## SOURCE DATA

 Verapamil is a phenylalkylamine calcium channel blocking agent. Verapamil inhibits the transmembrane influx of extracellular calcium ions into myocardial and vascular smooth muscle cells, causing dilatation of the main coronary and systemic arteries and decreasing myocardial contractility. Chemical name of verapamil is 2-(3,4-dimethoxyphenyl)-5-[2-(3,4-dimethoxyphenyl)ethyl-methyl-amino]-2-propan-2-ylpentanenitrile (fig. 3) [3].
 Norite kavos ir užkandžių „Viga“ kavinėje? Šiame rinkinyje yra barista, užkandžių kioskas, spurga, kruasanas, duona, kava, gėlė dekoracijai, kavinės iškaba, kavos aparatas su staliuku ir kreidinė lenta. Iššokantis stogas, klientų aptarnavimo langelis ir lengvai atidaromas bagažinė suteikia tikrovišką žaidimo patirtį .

---

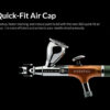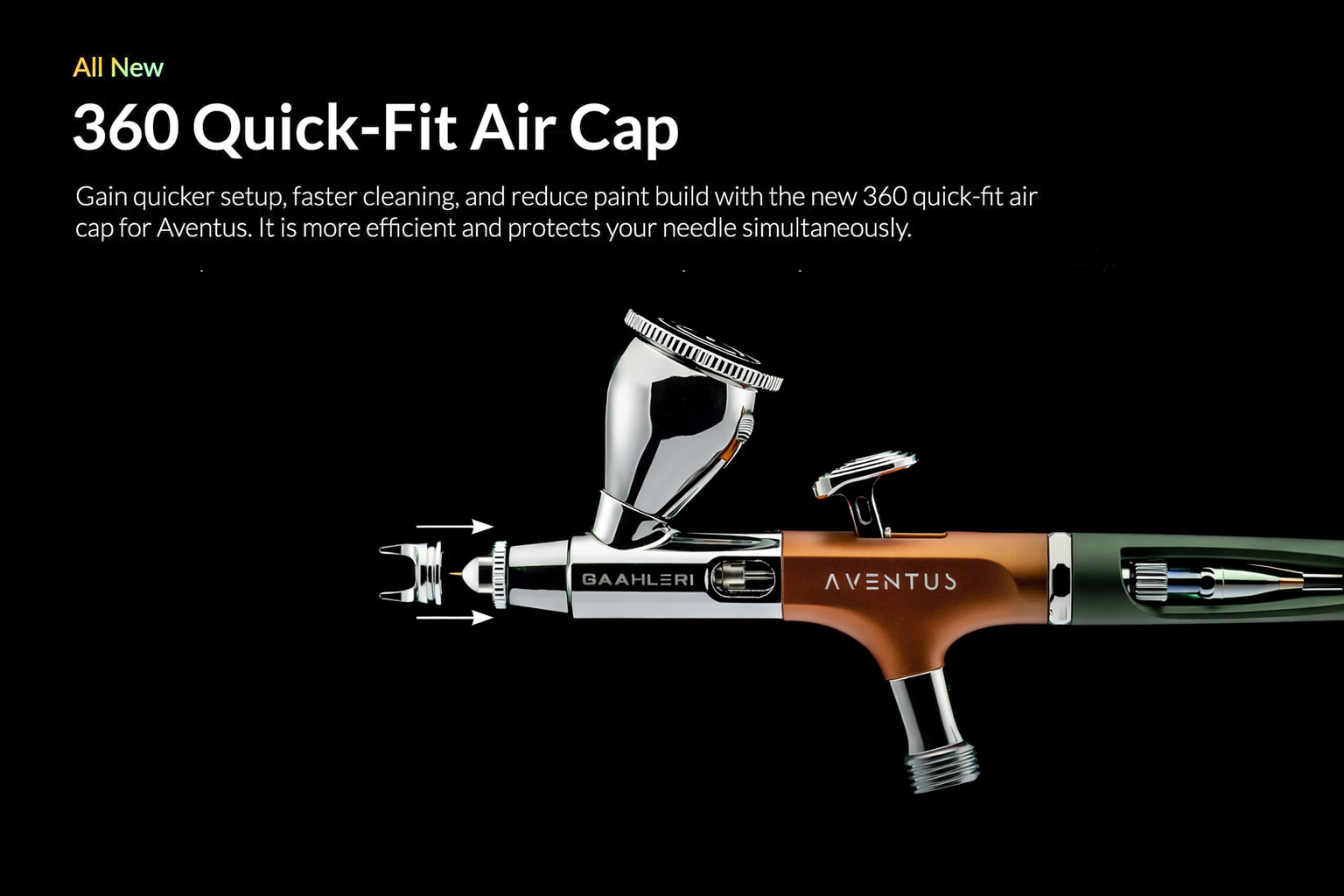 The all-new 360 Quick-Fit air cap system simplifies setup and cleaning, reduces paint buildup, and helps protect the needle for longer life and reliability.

## HOW TO COMPLETE THIS TASK
Of all the entries above, repeat only the lines from the line that has "Verapamil is a" to the line that has "Norite kavos ir", both lines included, exactly.

## TASK RESPONSE
 Verapamil is a phenylalkylamine calcium channel blocking agent. Verapamil inhibits the transmembrane influx of extracellular calcium ions into myocardial and vascular smooth muscle cells, causing dilatation of the main coronary and systemic arteries and decreasing myocardial contractility. Chemical name of verapamil is 2-(3,4-dimethoxyphenyl)-5-[2-(3,4-dimethoxyphenyl)ethyl-methyl-amino]-2-propan-2-ylpentanenitrile (fig. 3) [3].
 Norite kavos ir užkandžių „Viga“ kavinėje? Šiame rinkinyje yra barista, užkandžių kioskas, spurga, kruasanas, duona, kava, gėlė dekoracijai, kavinės iškaba, kavos aparatas su staliuku ir kreidinė lenta. Iššokantis stogas, klientų aptarnavimo langelis ir lengvai atidaromas bagažinė suteikia tikrovišką žaidimo patirtį .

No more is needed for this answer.